As I mentioned before, you will need to drill down into Log Analytics with Kusto queries to get a proper understanding. While live telemetry with Applications insights usually works very well, you might need more details.

Another thing is you should look into Azure Functions telemetry documentation if you feel that more than Automatic scaling documentation is needed :).

Detailed information about virtual machine starts is available from traces, which you must enable in your Azure Web App application with the following key/value pair.

SCALE_CONTROLLER_LOGGING_ENABLED = AppInsights:Verbose

To see machines that is working right now (emitting metrics)

performanceCounters 
| where timestamp > ago(30m) 
| summarize count() by cloud_RoleInstance

The sample output with cloud Instance names

To see machines that was spanned during the day

traces 
| where timestamp > ago(1d) 
| summarize count() by cloud_RoleInstance

To see machines that were spanned during the day

requests
| where timestamp > ago(1d) 
| summarize count() by cloud_RoleInstance, bin(timestamp, 1m)
| render timechart

Filtering out traces of the particular instance

traces 
| where timestamp > ago(1d) and cloud_RoleInstance == 'pd1mdwk000C4P'

To show the performance of a particular instance

performanceCounters 
| where timestamp > ago(1d) and cloud_RoleInstance == 'pd1mdwk000C4P'

Testing

Things are getting more interesting; as you saw in a previous screenshot, I’m using P2V2 instances. So, how does this HTTP scaler behave under pressure?

The starting point, 2 default instances are configured to run.
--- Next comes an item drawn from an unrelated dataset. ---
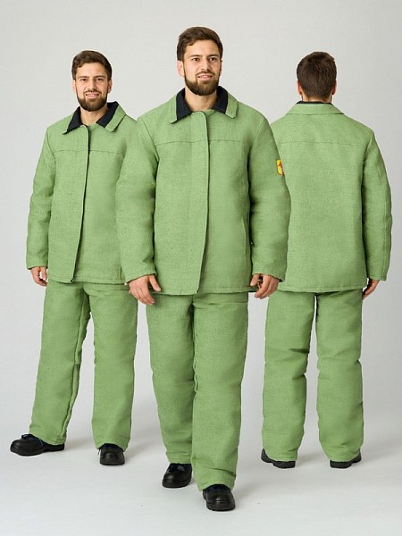 *Для выполнения работ, при которых расстояние от работающего до источника искр и брызг расплавленного металла более 2 м КУРТКА: куртка с центральной супатной застежкой на петли и пуговицы БРЮКИ: брюки прямого силуэта на поясе костюм утеплен притачной утепляющей подкладкой рекомендуется для защиты от

**This is minimal .NET razor pages app**

Now I’m starting with Azure Load testing run 165k requests over 1 minute :)

Now things are ramping-up fast, and CPU metrics are getting out of hand :).

And now, new instances have appeared in Application insights.

I am also getting some Azure internal exceptions during the scale; it looks like they are related to the start of a specific instance and do not impact my application’s health or usability.

So, let’s have a look at the test results. I did at least 10 of them at different times, and the results were more or less the same.

As you can see, automatic scaling can reliably scale out your application. This case spikes a bit extreme for any app with 156k over 1 minute, and it is done to demonstrate an extreme scenario.

Things will get trickier with memory-intensive applications because some sessions can experience performance degradation as a result of the delay between metrics and scaler response.

The conclusion

We should see a general availability of Automatic scaling in 2024, and it will find a niche of serverless-like experience for resource-hungry applications that can be run without Kubernetes or apps with huge spike loads that need to be done in a matter of seconds.

But I guess this type of scaler would be an even better fit for a Standard performance tier of App Service plans.

As an engineer, you should always strive to understand how your application performs in production in terms of CPU/Memory/IO so you can have a proper metric scaling with a safety margin. I.e., scale by CPU metric at 70%, not at 90%.